The law requires employers to make reasonable adjustments for disabled employees in the workplace. In Cordell v Foreign and Commonwealth Office (FCO), the Employment Appeal Tribunal (EAT) said that although the cost of an adjustment was not necessarily decisive as to whether it was reasonable, that did not mean it was not relevant.

Basic facts

Ms Cordell, who was profoundly deaf and required the support of lipspeakers, started work for the FCO in 2001. Initially based in London, she was posted to Warsaw in 2006. She was supported there by professional lipspeakers who commuted on a fortnightly basis from the UK and were accommodated in an embassy flat at an average annual cost of about £146,000.

In 2009 she accepted the offer of a posting to Astana, the capital of Kazakhstan. The FCO decided that, as the cost of providing lipspeaker support and other adjustments over three years would come to just over £1 million, this was not reasonable.

Ms Cordell raised a grievance, arguing that there was little difference between the cost of the adjustments she required and the FCO policy of meeting the school fees of children of employees posted abroad.

Her grievance was not upheld and she claimed direct disability discrimination and a failure to make reasonable adjustments.

Tribunal decision

The Tribunal disagreed. It said that there was a “material difference” between the circumstances of employees with children and hers, which would be “artificial” to ignore.

In terms of the cost of making the adjustments it said that these were disproportionate as they came to five times her own salary and almost amounted to the total salary costs of all the diplomatic staff at the embassy in Astana. They also exceeded the costs of adjustments in Warsaw by something over £100,000 per year and would account for a large proportion of the FCO disability budget.

It concluded that, on any objective test, the cost of the adjustments was unreasonable.

EAT decision

The EAT agreed with the Tribunal that the reason for withdrawing the offer was the cost of making the necessary adjustments, not Ms Cordell’s disability, which meant that the direct discrimination claim failed. In any event, it said that she could not compare herself with a parent who benefitted from the payment of school fees as their circumstances were materially different to hers.

In terms of making a reasonable adjustment, the EAT said that Tribunals have to make a decision on the basis of what they consider “right and just”. This involved taking the following factors into account:

  • the size of the budget for reasonable adjustments
  • what the employer has spent in comparable situations
  • what other employers are prepared to spend
  • any collective agreement or other indication of what level of expenditure is regarded as appropriate by representative organisations.

Although the size of the budget was not decisive, that did not mean it was not relevant. The Tribunal was therefore perfectly entitled to take the size of the FCO’s budget for reasonable adjustments into account when putting the claim into context.

The relative cost of the FCO’s allowances for paying school fees was also relevant in this context, but the EAT took the view that “what an employer is prepared to expend on other objects can never be more than of suggestive or indicative value when it comes to the question whether it was reasonable to expect it to meet the cost of a given adjustment”.
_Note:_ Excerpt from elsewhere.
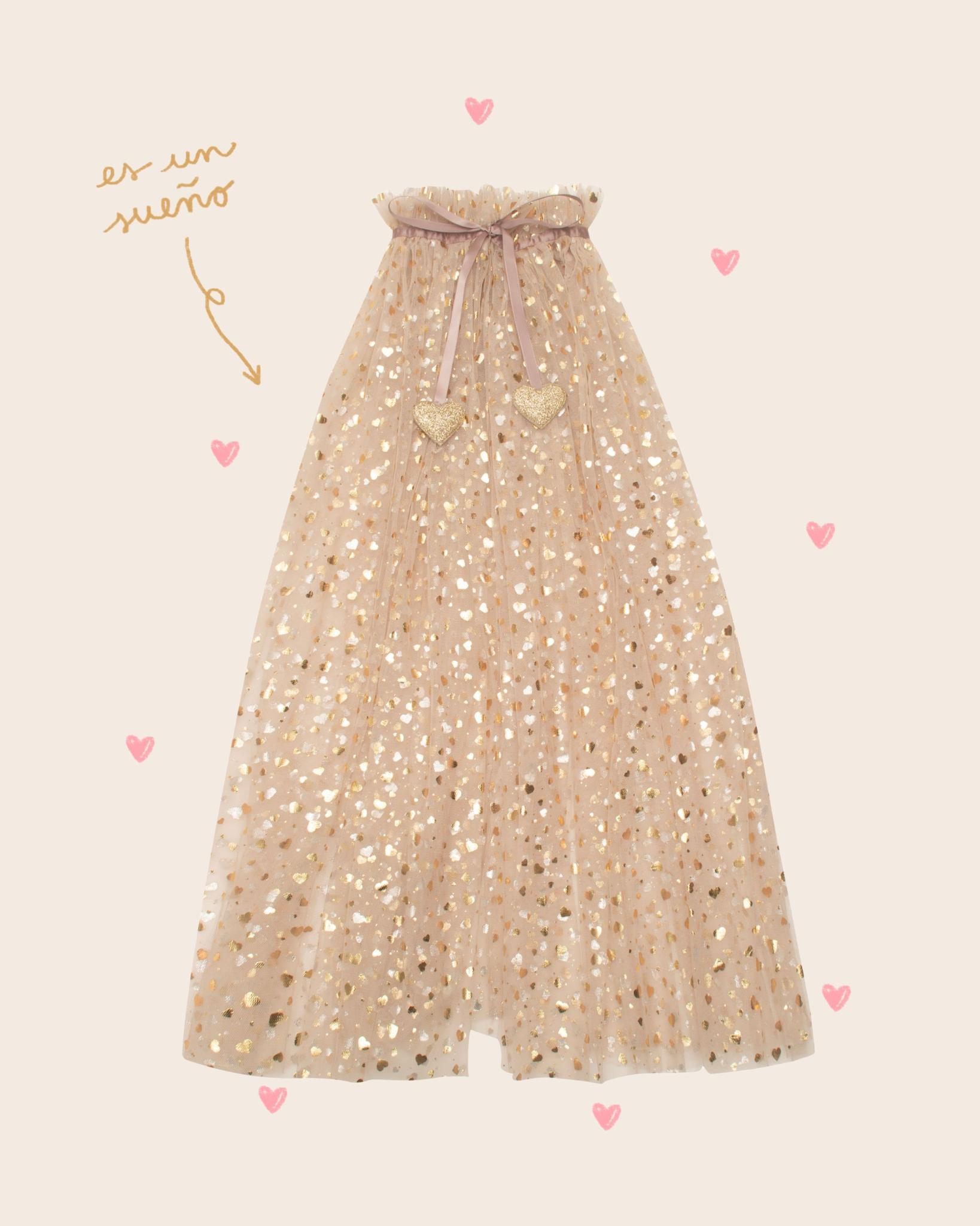 BoutiqueCapa Tul Dorada Corazones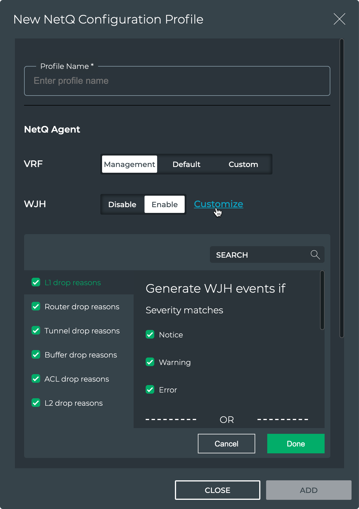 You can change the switch configuration assignment at any time. For example you might have a switch that is starting to experience reduced performance, so you want to run What Just Happened on it to see if there is a particular problem area. You can reassign this switch to a new configuration with WJH enabled on the NetQ Agent while you test it. Then you can change it back to its original assignment.

In the circumstances of this case, it was not feasible to expect the Tribunal to undertake an in-depth evaluation of the amount allowed for school fees in order to compare them with the payments available to disabled employees.

Comment

The principal barrier to the adjustments being made in this case was clearly cost. The EAT’s analysis of the comparison between the position of employees benefitting from the allowances for payment of school fees and disabled employees requiring adjustments is not particularly robust and the claimant, who is supported by the EHRC, has sought permission to appeal to the Court of Appeal.